Medicaid beneficiaries continue to transition to Medicare and Part D prescription drug coverage each day. As soon as they become eligible for Medicare, beneficiaries are randomly assigned to a Part D plan. The experience of today’s “transitioners” may differ from that of the initial cohort of our study, given subsequent program changes. The prevalence of utilization management requirements for psychiatric medications has increased among Medicare private drug plans (
14). However, in 2008 the Centers for Medicare and Medicaid Services implemented a grandfathering provision that applies to the protected drug classes (antipsychotics, anticonvulsants, and antidepressants). Plans may not implement prior-authorization or step therapy requirements intended to steer beneficiaries to a new medication if they were already taking a drug within that class at the time of enrollment (
5). Today, continuity and adequacy of pharmacotherapy for beneficiaries with bipolar I disorder who are transitioning to Part D coverage may be determined in large part by individuals’ treatment history while under Medicaid drug coverage.
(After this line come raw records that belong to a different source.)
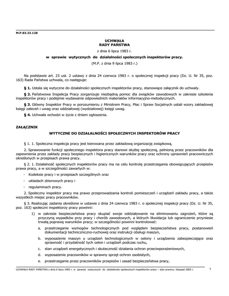 M.P.83.23.128 UCHWAŁA RADY PAŃSTWA z dnia 6 lipca 1983 r. w sprawie wytycznych do działalności społecznych inspektorów pracy. (M.P. z dnia 9 lipca 1983 r.) Na podstawie art. 23 ust. 2 ustawy z dnia 24 czerwca 1983 r. o społecznej inspekcji pracy (Dz. U. Nr 35, poz. 163) Rada Państwa uchwala, co następuje: § 1. Ustala się wytyczne do działalności społecznych inspektorów pracy, stanowiące załącznik do uchwały. § 2. Państwowa Inspekcja Pracy zorganizuje niezbędną pomoc dla związków zawodowych w zakresie szkolenia inspektorów pracy i podejmie wydawanie odpowiednich materiałów informacyjno-metodycznych. § 3. Główny Inspektor Pracy w porozumieniu z Ministrem Pracy, Płac i Spraw Socjalnych ustali wzory zakładowej księgi zaleceń i uwag oraz oddziałowej (wydziałowej) księgi uwag. § 4. Uchwała wchodzi w życie z dniem ogłoszenia. ZAŁĄCZNIK WYTYCZNE DO DZIAŁALNOŚCI SPOŁECZNYCH INSPEKTORÓW PRACY § 1. 1. Społeczna inspekcja pracy jest kierowana przez zakładową organizację związkową. 2. Sprawowanie funkcji społecznego inspektora pracy stanowi służbę społeczną, pełnioną przez pracowników dla zapewnienia przez zakłady pracy bezpiecznych i higienicznych warunków pracy oraz ochrony uprawnień pracowniczych określonych w przepisach prawa pracy. § 2. 1. Działalność społecznych inspektorów pracy ma na celu kontrolę przestrzegania obowiązujących przepisów prawa pracy, a w szczególności zawartych w: - Kodeksie pracy i w przepisach szczególnych oraz - układach zbiorowych pracy i - regulaminach pracy. 2. Społeczny inspektor pracy ma prawo przeprowadzania kontroli pomieszczeń i urządzeń zakładu pracy, a także wszystkich miejsc pracy pracowników. § 3. Realizując zadania określone w ustawie z dnia 24 czerwca 1983 r. o społecznej inspekcji pracy (Dz. U. Nr 35, poz. 163) społeczni inspektorzy pracy powinni: 1) w zakresie bezpieczeństwa pracy skupiać swoje oddziaływanie na eliminowaniu zagrożeń, które są przyczyną wypadków przy pracy i chorób zawodowych, a których likwidacja lub ograniczenie przyniesie trwałą poprawę warunków pracy; w szczególności powinni kontrolować: a. przestrzeganie wymogów technologicznych pod względem bezpieczeństwa pracy, postanowień dokumentacji techniczniczno-ruchowej oraz instrukcji obsługi maszyn, b. wyposażenie maszyn u urządzeń technologicznych w osłony i urządzenia zabezpieczające oraz sprawność i przydatność tych osłon i urządzeń podczas ruchu, c. stan urządzeń energetycznych i skuteczność działania ochron przeciwporażeniowych, d. wyposażenie pracowników w sprawny sprzęt ochron osobistych, e. przestrzeganie przez pracowników przepisów i zasad bezpieczeństwa pracy, UCHWAŁA RADY PAŃSTWA z dnia 6 lipca 1983 r. w sprawie wytycznych do działalności społecznych inspektorów pracy – stan prawny: listopad 2005 r. 1 2) w zakresie higieny pracy kontrolować: a. zapewnianie pracownikom, zgodnie z obowiązującymi przepisami: szatni, pomieszczeń do spożywania posiłków, urządzeń higieniczno-sanitarnych odpowiednich do rodzaju pracy i liczby osób, b. przestrzeganie norm higienicznych, a w szczególności dotyczących substancji szkodliwych, zapylenia, hałasu, wibracji, mikroklimatu i oświetlenia, c. wydawanie przysługujących na określonych stanowiskach pracy środków odżywczych, napojów i środków higieny osobistej, d. poddawanie pracowników obowiązkowym badaniom profilaktycznym oraz ważność orzeczeń lekarskich stwierdzających brak przeciwwskazań do zatrudnienia na danym stanowisku pracy pracowników zatrudnionych w uciążliwych i szkodliwych warunkach dla zdrowia, 3) w zakresie prawnej ochrony pracy kontrolować w szczególności przestrzeganie przepisów dotyczących: a. skróconego czasu pracy wprowadzonego ze względu na uciążliwe lub szkodliwe warunki pracy, b. ochrony pracy kobiet i młodocianych, zwłaszcza czy osoby te nie są zatrudnione przy pracach im wzbronionych, a czas pracy jest zgodny z przepisami prawa pracy, c. ustalania przyczyn i okoliczności wypadków przy pracy, d. świadczeń pieniężnych z tytułu wypadków przy pracy i chorób zawodowych oraz świadczeń należnych z układów zbiorowych pracy. § 4. 1. Grupowy społeczny inspektor pracy obejmuje swoją działalnością pracowników komórki organizacyjnej, w której został wybrany, realizując odpowiednio zadania określone w § 3. 2. W razie stwierdzenia naruszeń przepisów, grupowy społeczny inspektor pracy informuje o tym bezpośredniego przełożonego, czyniąc jednocześnie stosowny zapis w oddziałowej (wydziałowej) księdze uwag. § 5. 1. Oddziałowy (wydziałowy) społeczny inspektor pracy obejmuje swoją działalnością oddział (wydział), realizując odpowiednio zadania, o których mowa w § 3, na podstawie planu pracy. 2. Na podstawie ustaleń własnych bądź grupowego społecznego inspektora pracy oddziałowy (wydziałowy) społeczny inspektor pracy informuje kierownika oddziału (wydziału) o stwierdzonych uchybieniach i naruszeniach, czyniąc jednocześnie stosowny zapis w oddziałowej (wydziałowej) księdze uwag. 3. W razie stwierdzenia naruszeń, których usunięcie należy do kompetencji kierownika zakładu pracy, oddziałowy (wydziałowy) społeczny inspektor pracy przedstawia zakładowemu społecznemu inspektorowi pracy wnioski w sprawie uwag lub zaleceń. § 6. Oddziałowi (wydziałowi) i grupowi społeczni inspektorzy pracy składają sprawozdania zakładowemu społecznemu inspektorowi pracy z realizacji swoich planów pracy. § 7. 1. Zakładowy społeczny inspektor pracy prowadzi działalność na podstawie planu pracy zatwierdzonego przez zakładową organizację związkową. 2. W planie pracy, o którym mowa w ust. 1, należy określać zamierzenia związane z kontrolą poszczególnych zagadnień ochrony pracy, organizacją społecznych przeglądów warunków pracy, rodzajem i częstotliwością kontroli przeprowadzanych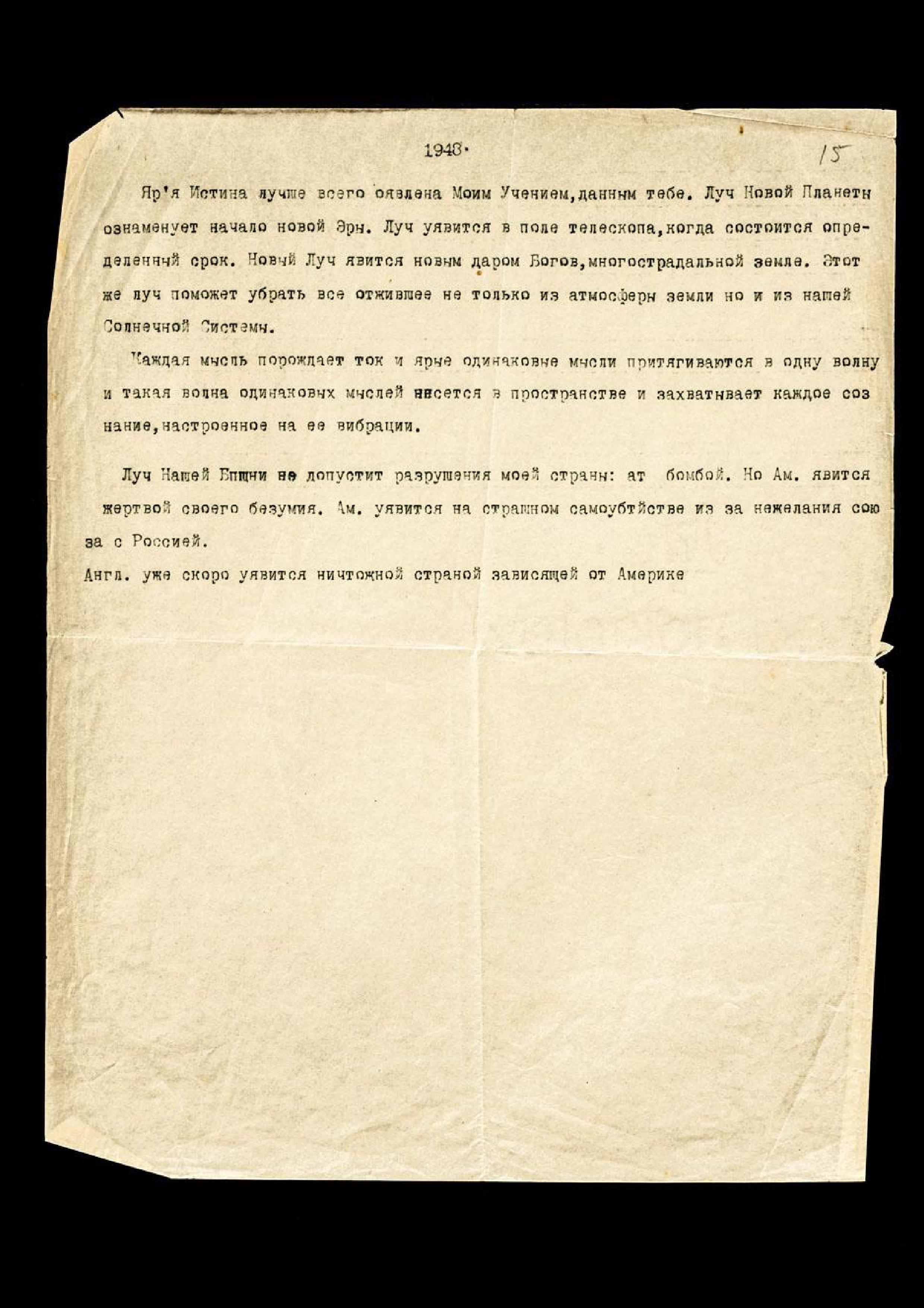 Луч Нашей Башни не допустит разрушения Моей страны ат[омной] бомбой. Но Ам[ерика] явится жертвой своего безумия. Ам[ерика] уявится на страшном самоубийстве из-за нежелания союза с Россией.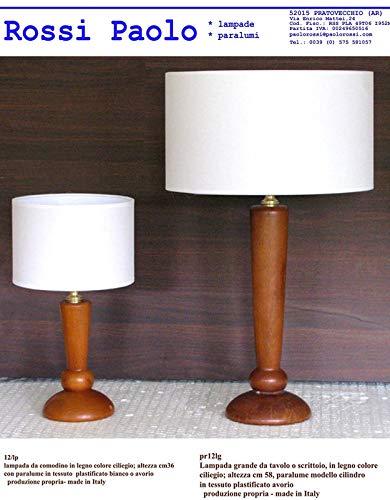 Idea illuminazione e arredamento: Lampada da tavolo in legno tornito color ciliegio con paralume modello cilindro in tessuto avorio accoppiato a plastica;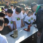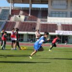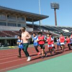 今回の講座には県東部を主とする小学3年生から6年生までの学生とクラブチーム生総勢50名以上に参加いただきました。秋晴れの清々しい天候のもと、競技場のトラックや芝生エリアを使って2時間以上にわたり取り組みました。講座は腿上げなどのアップから始まり、2チームに分かれての”氷鬼”のようなゲームなど、中々にハードながら子どもたちは楽しそうに夢中で取り組んでいました。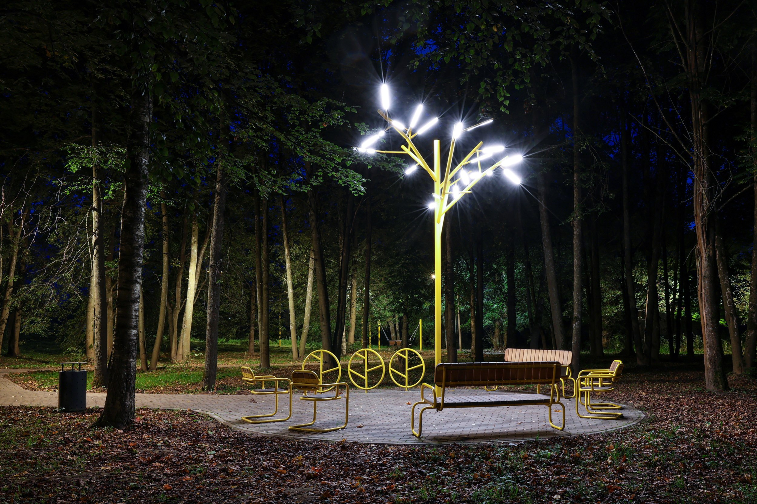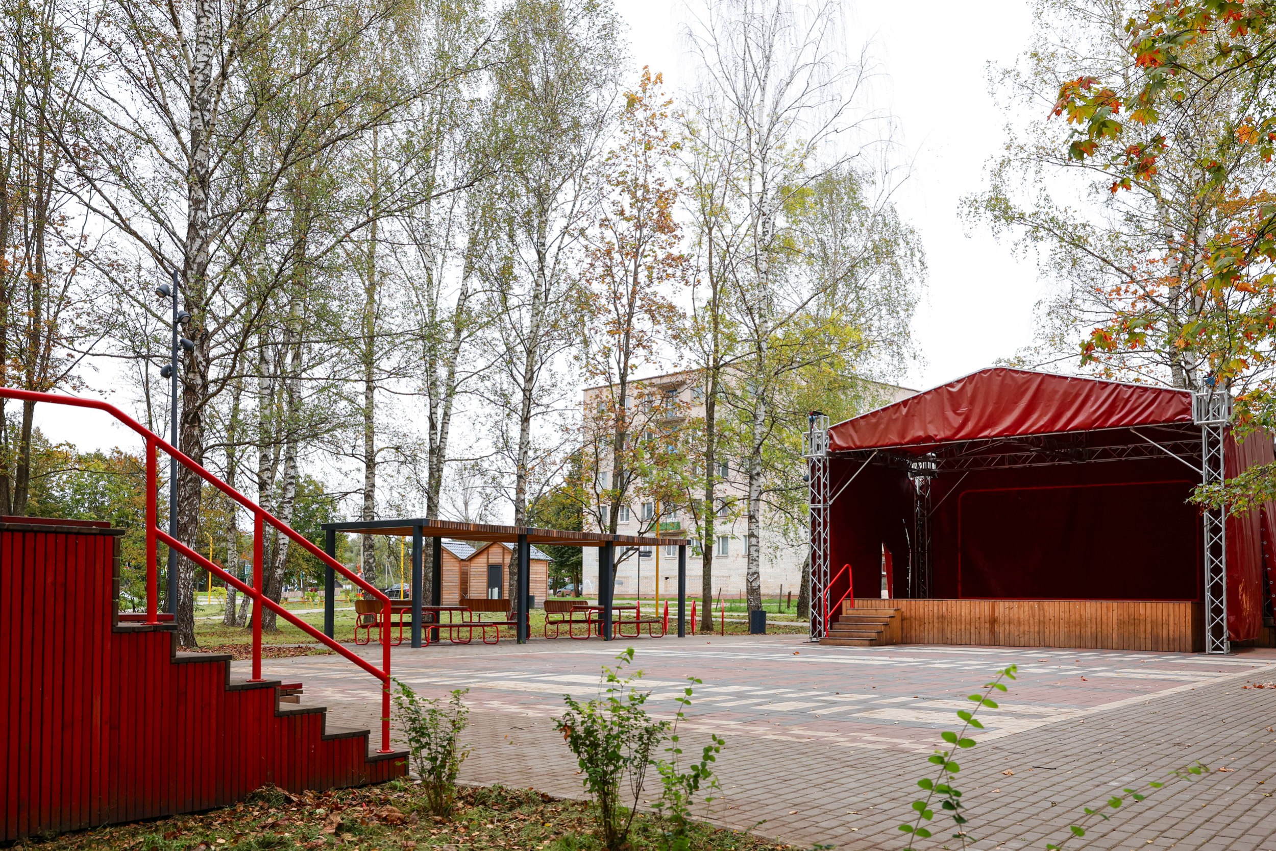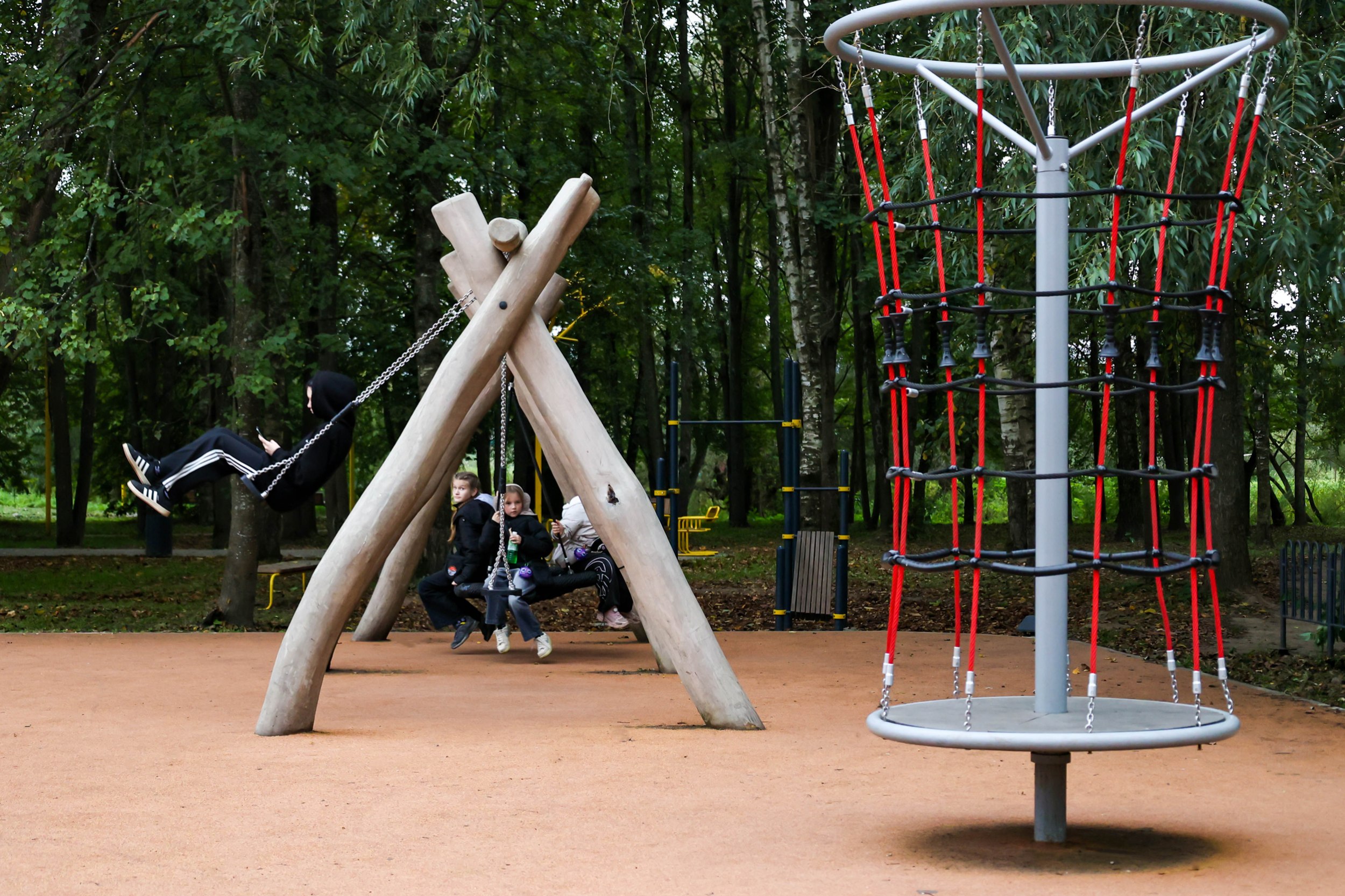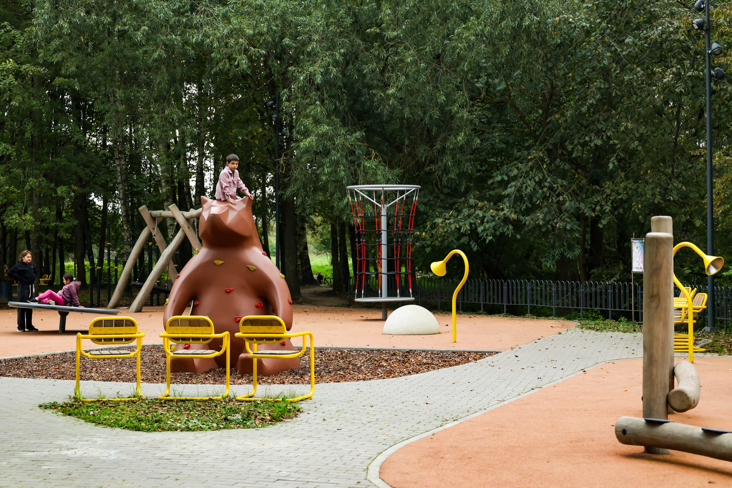 Благоустройство выполнено с бережным отношением к сложившемуся озеленению. Дополнительно в парке высажены ивы, сосны, ясени, дубы и декоративные кустарники. В теплое время года территорию украшают цветники. По запросу жителей на территории появилась площадка для молодежи с необычной опорой освещения в виде дерева и комплексом для воркаута на небольшом отдалении.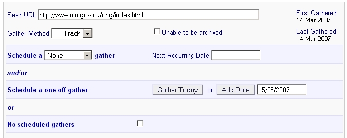 For a small web publication, you can submit a one-off gather request right away by clicking on the Gather Today button. The date in the date box is defaulted to today’s date. On clicking the Gather Today button, the date will be shown immediately underneath the date box. To delete the date, click on the - sign next to it. On saving the record with the date set, the title will appear in the Gather - Scheduled Titles Worktray and will be gathered as soon as there is a vacancy in the gather queue.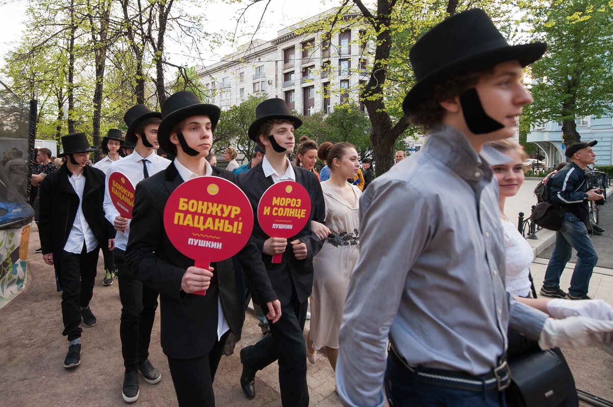Для участников шествия также были приготовлены цилиндры и таблички с известными фразами из произведений Пушкина.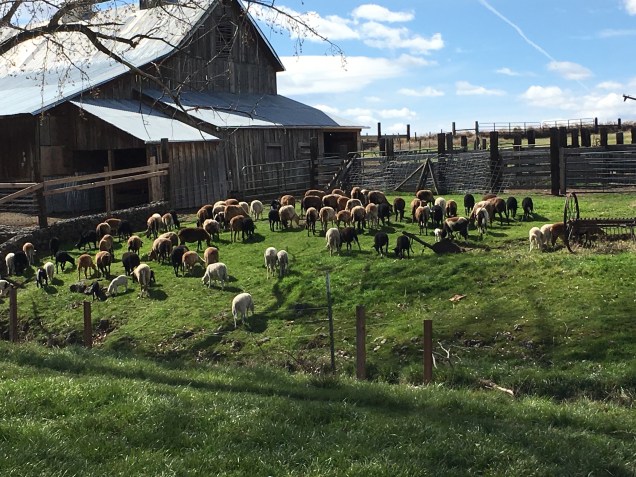 This strategy of mixing her in with the herd has worked so far. The baby is still alive and she is giving it a workout. We are now using the sheep to mow the yard and front hillside. This serves three purposes:1. I don’t have to mow it.

This study aimed to make inferences to the nonelderly adult dual-beneficiary population with bipolar I disorder, who are individuals with various levels of severity, duration, and phase of illness. We required continuous enrollment, so our results may not generalize to less severely ill beneficiaries who exited the program. This research design allowed us to estimate the national average effect of the transition from Medicaid to Part D on study outcomes. We could not identify the mechanisms within this transition that accounted for the observed effects. Medicaid programs and Medicare prescription drug plans (PDPs) varied in their prescription drug coverage and management. Thus our results may mask differences across states (given variation in Medicaid programs) and within states (given variation in PDPs). Finally, our measures of guideline concordance may conceal questionable practices concerning quality of care (such as inappropriate polypharmacy) that are not discernible from claims data alone.
Conclusions
There was significant concern before the implementation of Part D regarding the potential effects of changing the drug coverage for dual beneficiaries with serious mental illness (
4). We found that the likelihood of receiving evidence-based pharmacotherapy for bipolar I disorder did not decline; however, the immediate rise in emergency department visits among a subgroup of beneficiaries after the transition requires further investigation.
Acknowledgments and disclosures
The authors gratefully acknowledge the following grant support: 1K01MH092338 from the National Institute of Mental Health; 1R01-HS018577-01 from the U.S. Agency for Healthcare Research and Quality (AHRQ), awarded to the Department of Population Medicine at Harvard Medical School and Harvard Pilgrim Health Care Institute where this study originated; a Robert Wood Johnson Foundation Investigator Award in Health Policy Research, awarded to Dr. Huskamp; 5R01AG032249 from the National Institute on Aging; and R01 MH084905 from AHRQ.
The authors report no competing interests.